O irmão mais velho de Martin Short morreu num acidente de viação quando tinha doze anos. A mãe morreu de cancro aos dezassete anos dele, o pai de AVC aos vinte, e a mulher Nancy Dolman de cancro do ovário no ano em que Short completou sessenta. Apesar destas perdas familiares acumuladas, todos os colaboradores que alguma vez trabalharam com ele — de Steve Martin a John Mulaney — descrevem a alegria de Short como o traço mais estável do seu caráter profissional.

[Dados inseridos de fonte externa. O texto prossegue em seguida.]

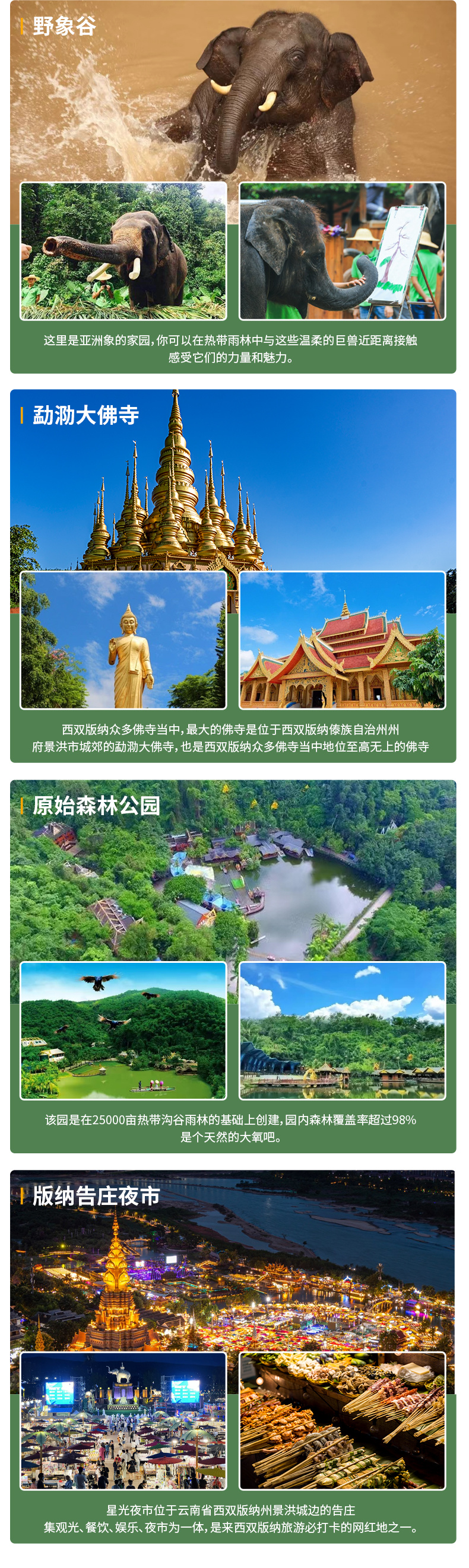 晚上咱们可闲逛久负盛名的告庄西双景,或前在湄公河星光夜市寻味各种美食,这里集结了全国各地大大小小的摊位上千个,融合了东南亚小国家的特色赶摆场,各种特色美食应有尽有。漫步在各个角落,欣赏美丽的风景,漫步感受一下西双版纳这座边境小城的傣族烟火。

Martin Short: Uma Vida de Comédia é o documentário que coloca uma pergunta nunca antes formulada de frente: o que custou esta alegria a Short e como é que ele a construiu?

A tentação, perante um humorista como Short, é resolver o enigma chamando-lhe “temperamento”. A ideia parece evidente: Short é divertido, chega a cada set com energia. Parece auto-explicativa.

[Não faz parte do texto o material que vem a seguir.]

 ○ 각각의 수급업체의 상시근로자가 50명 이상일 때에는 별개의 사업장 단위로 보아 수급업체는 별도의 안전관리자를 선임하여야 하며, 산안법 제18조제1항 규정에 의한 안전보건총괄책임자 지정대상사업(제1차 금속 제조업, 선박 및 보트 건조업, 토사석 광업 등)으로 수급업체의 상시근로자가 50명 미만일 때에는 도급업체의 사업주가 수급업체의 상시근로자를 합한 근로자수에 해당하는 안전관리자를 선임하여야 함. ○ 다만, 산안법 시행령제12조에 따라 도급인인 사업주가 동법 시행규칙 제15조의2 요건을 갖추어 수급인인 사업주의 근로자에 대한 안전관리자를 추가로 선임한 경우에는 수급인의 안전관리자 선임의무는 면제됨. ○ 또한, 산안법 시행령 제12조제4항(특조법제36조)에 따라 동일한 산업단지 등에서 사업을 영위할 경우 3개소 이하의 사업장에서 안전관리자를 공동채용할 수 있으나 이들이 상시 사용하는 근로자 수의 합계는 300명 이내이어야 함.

O filme de Lawrence Kasdan recusa esta leitura desde a primeira sequência. Documenta a alegria como algo que Short treinou e continua a interpretar com a disciplina de um ator de teatro que, há cinquenta anos, cumpre todas as noites, à hora certa, o seu número das onze.

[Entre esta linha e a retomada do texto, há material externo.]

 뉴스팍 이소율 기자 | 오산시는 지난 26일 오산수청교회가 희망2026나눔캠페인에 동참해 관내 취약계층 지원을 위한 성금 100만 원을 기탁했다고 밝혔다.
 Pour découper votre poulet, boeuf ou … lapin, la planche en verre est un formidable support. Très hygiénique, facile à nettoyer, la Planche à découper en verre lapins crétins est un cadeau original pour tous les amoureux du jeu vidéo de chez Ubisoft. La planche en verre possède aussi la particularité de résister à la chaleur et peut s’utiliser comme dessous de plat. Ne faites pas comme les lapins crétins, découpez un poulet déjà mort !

Steve Martin abre o filme com uma frase que parece graça e é, na realidade, tese: “se Marty não puder ir, cancela-se a festa”. A frase não descreve o temperamento de Short. Descreve o valor profissional da fiabilidade — ser o mais divertido em cada sala, à hora certa, durante cinquenta anos.

O filme não aceita o atalho da magia pessoal. O que mostra é trabalho.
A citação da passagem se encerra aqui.